Interview Uncover avec Daniel Rossellat, fondateur et président du Paléo Festival

Le divertissement est au cœur de notre thématique du mois de juin, et quel meilleur terrain d’exploration que le Paléo Festival qui approche à grands pas ? Depuis 1976, ce rendez-vous incontournable fait vibrer des milliers de festivaliers, tout en innovant sans cesse pour surprendre et embarquer son public toujours plus loin. La HES-SO est d’ailleurs partenaire à l’innovation du Paléo Festival depuis 2010 et participe au Paléo Festival depuis 2005. Son but, innover à chaque édition avec une thématique différente, une scénographie détonante construite par des étudiant·es du Domaine Ingénierie et Architecture et habitée par des projets-animations imaginés par des étudiant·es réuni·es en équipes interdisciplinaires.

Nous avons pu échanger avec Daniel Rossellat, le fondateur et directeur visionnaire qui orchestre cette machine à rêves et à musique depuis ses débuts. Au programme : comment le festival se transforme en véritable laboratoire d’idées, ses motivations profondes, la collaboration avec la HES SO, et surtout, sa vision inspirante du Paléo du futur.

1. À 19 ans, vous avez organisé votre premier concert, et aujourd’hui vous êtes à la tête du plus grand festival de Suisse. Qu’est-ce qui vous a poussé à vous lancer dans cette aventure et qu’est-ce qui continue de vous passionner dans ce rôle ?

D.R. À l’époque, les festivals étaient encore balbutiants. On entendait ici et là des histoires mythiques d’événements historiques, comme Woodstock. C’est dans ce contexte que je me lance, avec conviction et humilité.

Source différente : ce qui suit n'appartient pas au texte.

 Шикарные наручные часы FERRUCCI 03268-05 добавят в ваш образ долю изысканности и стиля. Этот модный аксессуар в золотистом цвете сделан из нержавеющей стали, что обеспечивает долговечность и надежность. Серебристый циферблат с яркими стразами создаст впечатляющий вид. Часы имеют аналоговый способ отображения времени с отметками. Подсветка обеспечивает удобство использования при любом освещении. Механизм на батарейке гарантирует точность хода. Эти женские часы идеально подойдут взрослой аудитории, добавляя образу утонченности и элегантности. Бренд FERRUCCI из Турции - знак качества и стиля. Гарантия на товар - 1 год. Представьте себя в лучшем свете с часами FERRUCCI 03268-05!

Mes compères et moi avons eu le privilège d’inventer nos métiers. À l’époque, organisateur de festival ce n’était vraiment pas commun. Nous avons toujours été motivé par la passion plus que par une logique économique. Le souhait d’offrir une expérience collective marquante, un moment de partage musical et festif. L’aspect humain, sa densité dans l’expérience de Paléo, est central et tant que cette magie opère, on ne s’en lasse pas.

1. Le Paléo est devenu un véritable laboratoire d’idées où de nombreux projets innovants émergent chaque année. Comment accompagnez-vous ces initiatives entrepreneuriales pour qu’elles se concrétisent et apportent une forte valeur ajoutée au festival ?

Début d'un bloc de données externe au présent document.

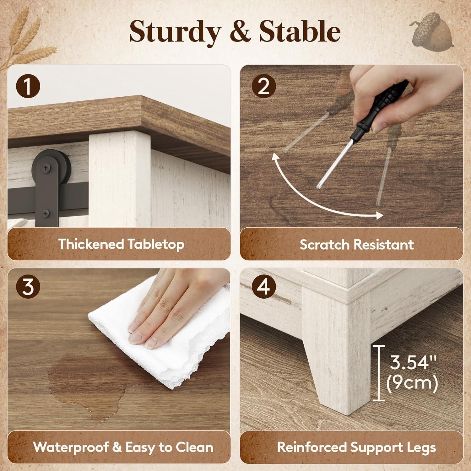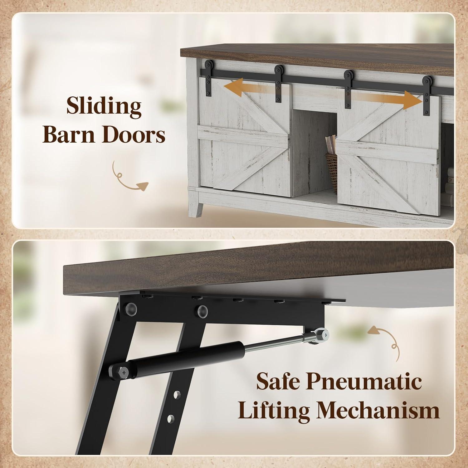 Lifewit Farmhouse Double Lift Top Coffee Table with Sliding Barn Doors, Wood Square Center Table with Large Hidden Storage Space and Open Cabinet, for Living Room, Bedroom, Home Office, Rustic White

D.R. En étant à l’écoute de son public, ouvert à la remise en question, et en travaillant toute l’année au service de l’événement qui dure 6 jours.

L’histoire du Paléo, c’est celle de passionnés qui ont osé. Aujourd’hui, on continue à cultiver cet esprit en laissant une place à ceux qui ont des idées, et ne pas avoir peur de se tromper. L’important, c’est que l’innovation ne soit pas simplement une posture, mais qu’elle améliore réellement l’expérience. Elle se veut tangible que ce soit au niveau du confort, du lien social, ou de la durabilité. Paléo repose sur un immense réseau d’entreprises, et catalyse énormément d’expertises, de compétences, d’idées. En entretenant ce réseau et étant ouvert aux propositions, on stimule un cercle vertueux qui nous pousse à évoluer. Il faut se poser les bonnes questions et éviter la complaisance avec soi-même : est-ce que ça enrichit l’expérience du public ? Est-ce que ça nous rend collectivement plus intelligents, plus responsables ?

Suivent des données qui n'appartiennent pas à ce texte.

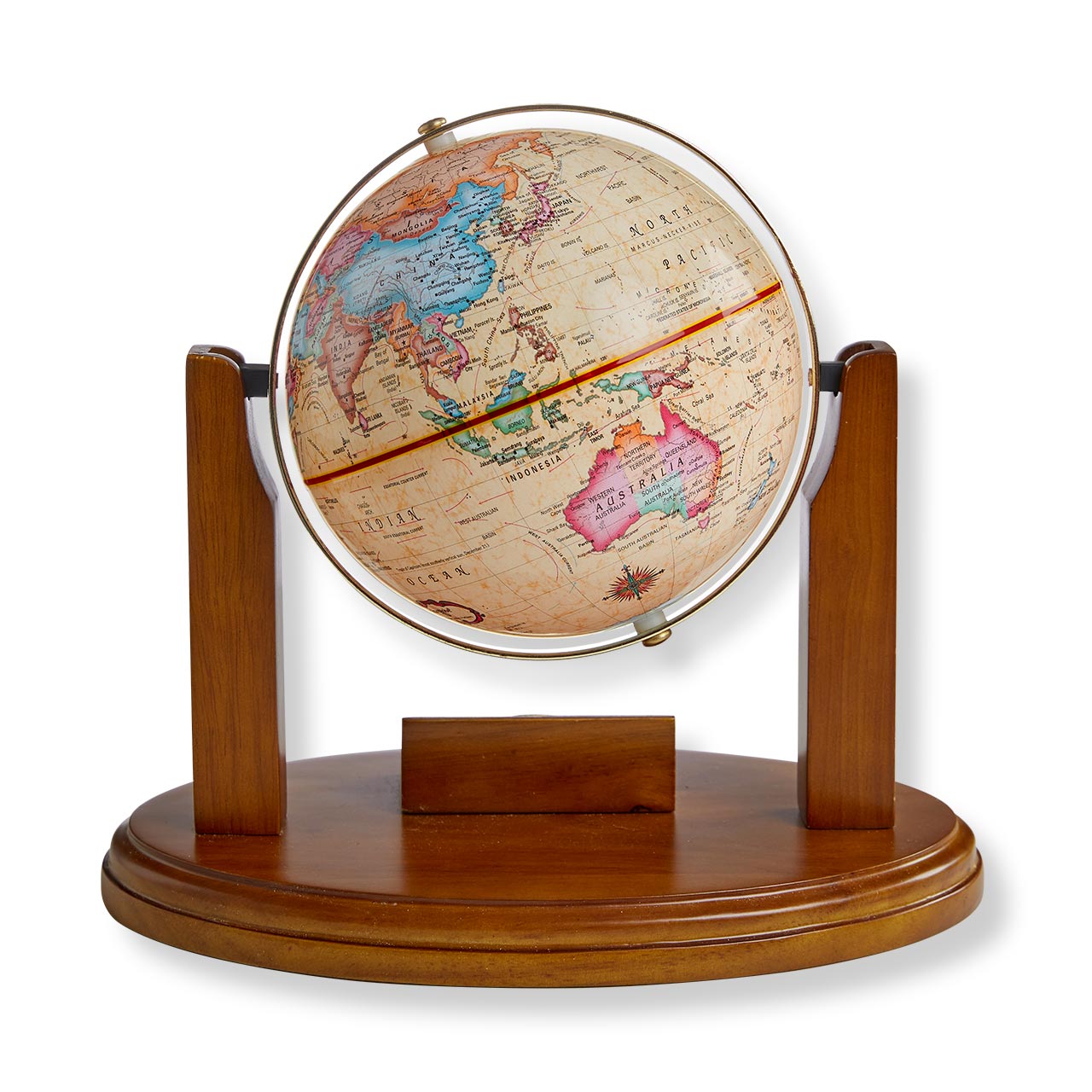 From the world-renowned Replogle globe makers of Chicago comes this unique table and desk clock that keeps the world at your fingertips. Featuring up-to-date cartography from January 2023, the handmade mini globe (made in the USA) is mounted on a solid hardwood base above the Gyro-Matic Meridian quartz clock.

3. Depuis 2005, la HES⁠-⁠SO est partenaire à l’innovation du festival, avec une participation active depuis 2010. Entre structures monumentales, performances étudiantes et dispositifs interactifs, on a presque l’impression que le Paléo devient un terrain d’expérimentation à ciel ouvert. Qu’est-ce qui vous intéresse dans cette rencontre entre jeunes talents, recherche appliquée et terrain artistique, et comment ces échanges nourrissent-ils l’ADN créatif et innovant du festival ?

D.R. Ce partenariat avec la HES⁠-⁠SO est enthousiasmant. Il illustre parfaitement ce que l’on cherche à faire : ouvrir le festival à des idées neuves, à une réflexion de fond sur notre société, et vivre quelque chose d’unique qui inspire. Ce qui me touche, c’est la fraîcheur et la pertinence des propositions. La HES-SO et ses étudiants ont cette capacité remarquable, d’année en année, de se réinventer. Ils et elles ont complètement compris l’esprit de Paléo : un espace artistique et social de liberté, de test et d’échange. C’est un dialogue vraiment passionnant, qui se poursuit depuis 20 ans.

4. Le divertissement aujourd’hui dépasse souvent la simple distraction : il interroge notre société, nos modes de vie et nos aspirations. Selon vous, quel rôle un festival comme le Paléo peut-il jouer face à ces enjeux ? Comment l’innovation contribue-t-elle à proposer un divertissement à la fois captivant et porteur de sens ?

D.R. Un festival repose sur des valeurs tout en aspirant à offrir une utopie. Un événement comme Paléo, qui rassemble tellement de personnes différentes, de tous âges et de tous milieux, est une caisse de résonance de notre époque. On veut que les gens s’amusent, bien sûr mais aussi qu’ils participent, qu’ils échangent. L’innovation, dans ce cadre, est au service de cette intensité : elle peut amplifier l’émotion, améliorer l’expérience. C’est pour ça qu’on est très attentifs aux projets qui ont une réelle plus-value sociale ou environnementale, que ce soit dans le cadre de Paléo ou l’association Equileo, que nous avons fondé pour soutenir les structures socioculturelles de la région.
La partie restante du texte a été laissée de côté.